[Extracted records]
((

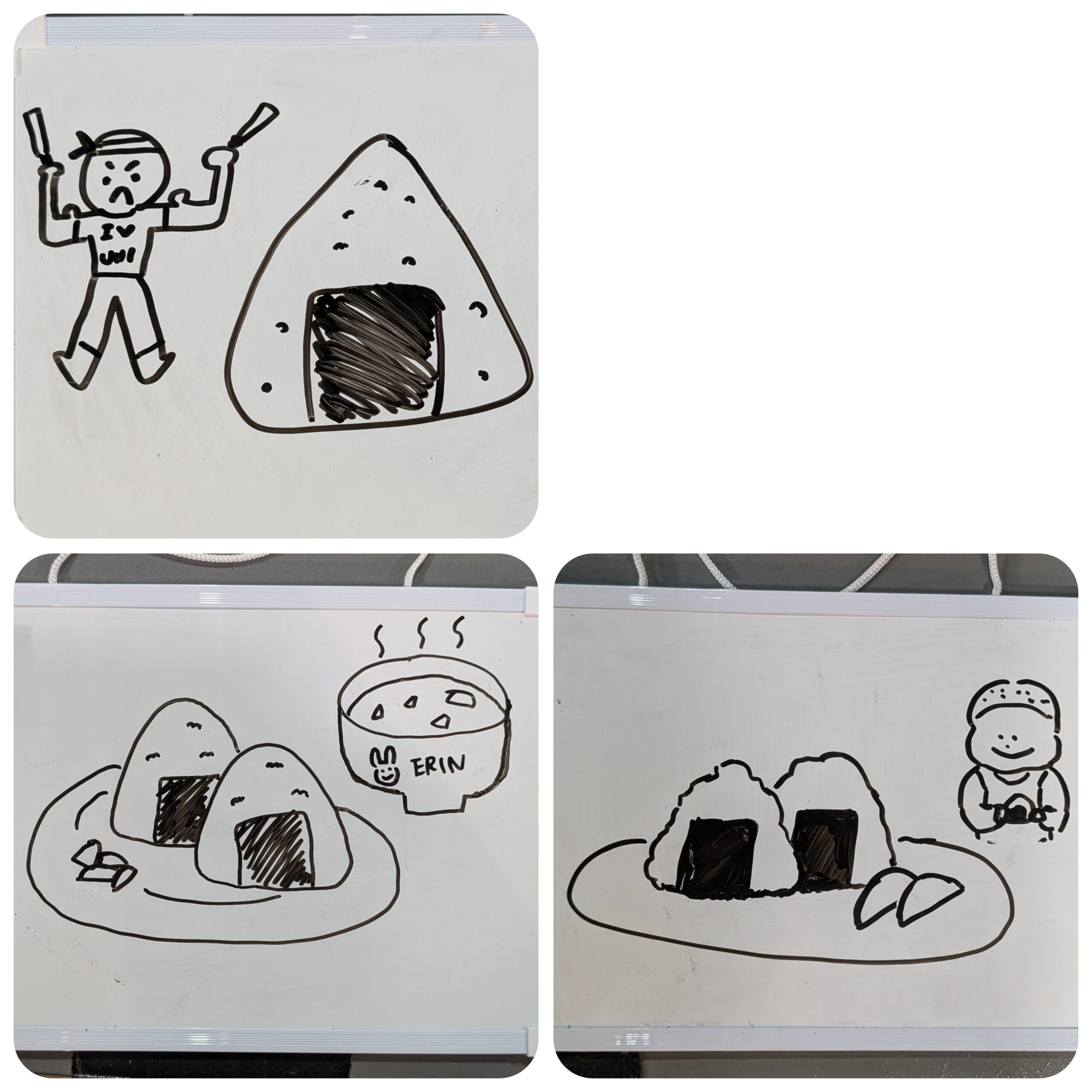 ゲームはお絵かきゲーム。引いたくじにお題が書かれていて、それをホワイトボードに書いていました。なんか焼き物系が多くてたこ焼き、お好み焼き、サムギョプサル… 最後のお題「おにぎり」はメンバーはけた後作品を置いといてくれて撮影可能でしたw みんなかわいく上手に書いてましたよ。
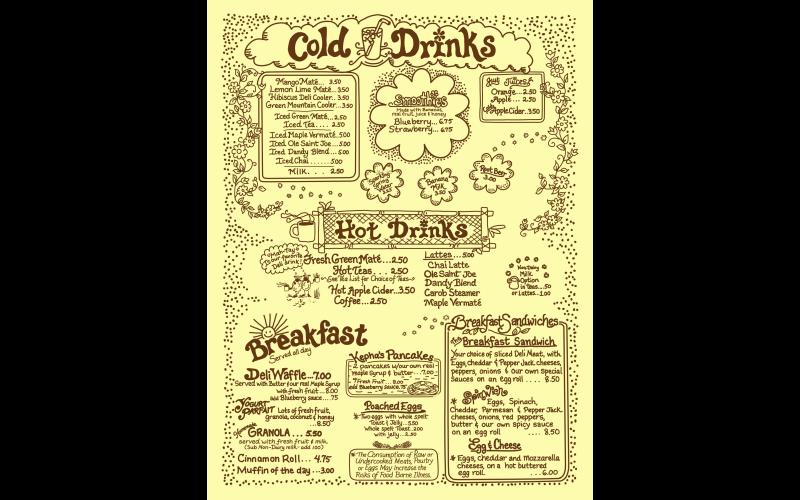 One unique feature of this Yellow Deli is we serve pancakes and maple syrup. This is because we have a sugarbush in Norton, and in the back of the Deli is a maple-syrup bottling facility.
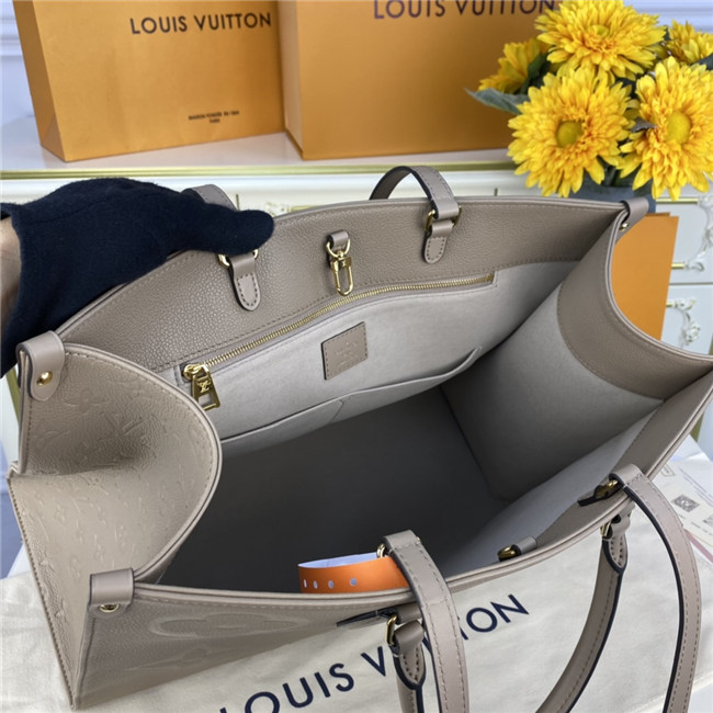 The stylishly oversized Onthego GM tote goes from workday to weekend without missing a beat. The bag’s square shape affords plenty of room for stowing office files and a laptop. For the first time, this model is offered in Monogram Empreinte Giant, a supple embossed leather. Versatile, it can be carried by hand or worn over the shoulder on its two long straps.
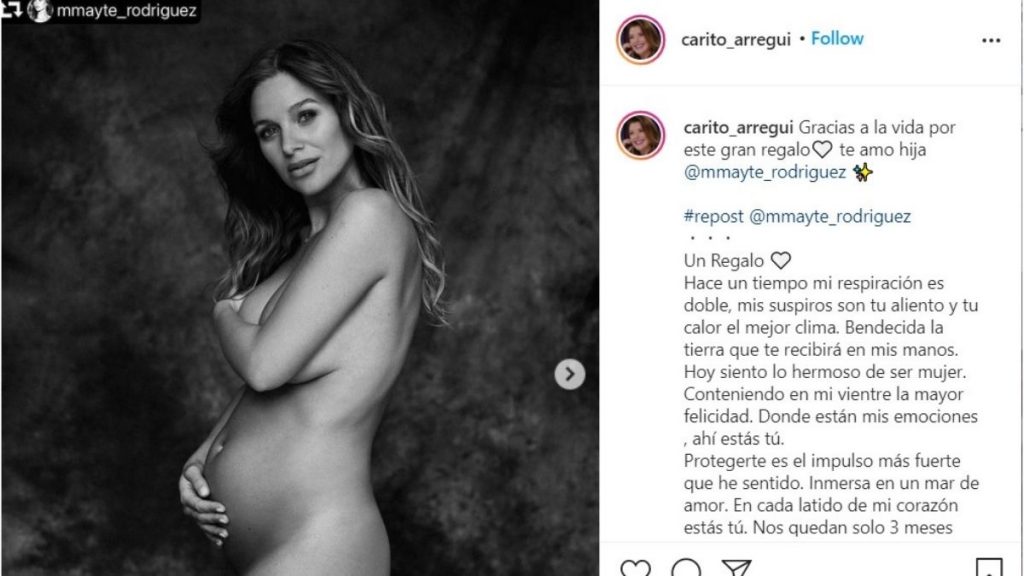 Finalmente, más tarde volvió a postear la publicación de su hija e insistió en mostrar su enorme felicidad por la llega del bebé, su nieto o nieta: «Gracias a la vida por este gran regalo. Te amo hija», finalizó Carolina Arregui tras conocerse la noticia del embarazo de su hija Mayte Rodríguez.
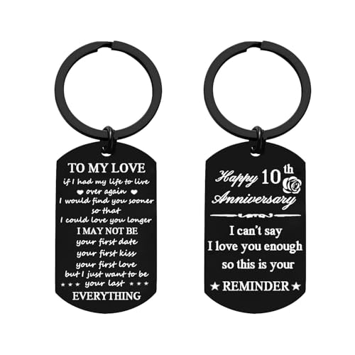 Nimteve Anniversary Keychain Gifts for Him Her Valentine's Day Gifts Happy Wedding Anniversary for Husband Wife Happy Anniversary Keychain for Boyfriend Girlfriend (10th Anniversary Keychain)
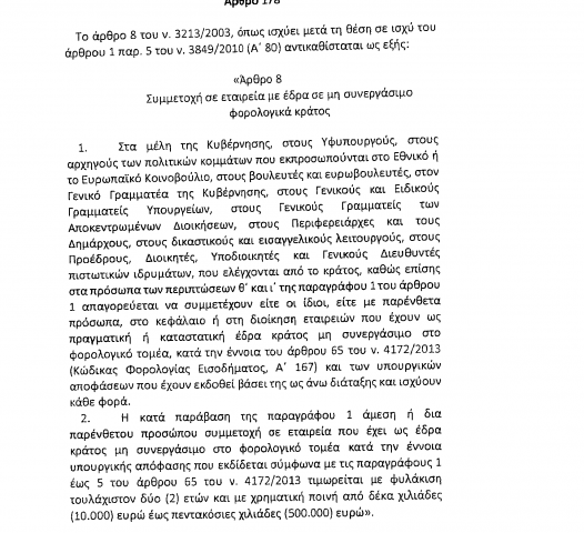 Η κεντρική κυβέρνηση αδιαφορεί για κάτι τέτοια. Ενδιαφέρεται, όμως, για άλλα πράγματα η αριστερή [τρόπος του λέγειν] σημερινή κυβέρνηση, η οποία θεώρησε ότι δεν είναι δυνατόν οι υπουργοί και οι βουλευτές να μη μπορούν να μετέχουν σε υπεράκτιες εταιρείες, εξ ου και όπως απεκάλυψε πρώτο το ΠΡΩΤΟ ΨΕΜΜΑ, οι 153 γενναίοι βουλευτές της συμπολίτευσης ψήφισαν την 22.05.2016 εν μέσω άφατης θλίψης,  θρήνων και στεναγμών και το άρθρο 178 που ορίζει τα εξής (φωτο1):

))

▸ What the task asks
Produce the lines from the first line of the entries through the line that contains "One unique feature", exactly, leaving the pictures behind.

▸ Written reply
 ゲームはお絵かきゲーム。引いたくじにお題が書かれていて、それをホワイトボードに書いていました。なんか焼き物系が多くてたこ焼き、お好み焼き、サムギョプサル… 最後のお題「おにぎり」はメンバーはけた後作品を置いといてくれて撮影可能でしたw みんなかわいく上手に書いてましたよ。
 One unique feature of this Yellow Deli is we serve pancakes and maple syrup. This is because we have a sugarbush in Norton, and in the back of the Deli is a maple-syrup bottling facility.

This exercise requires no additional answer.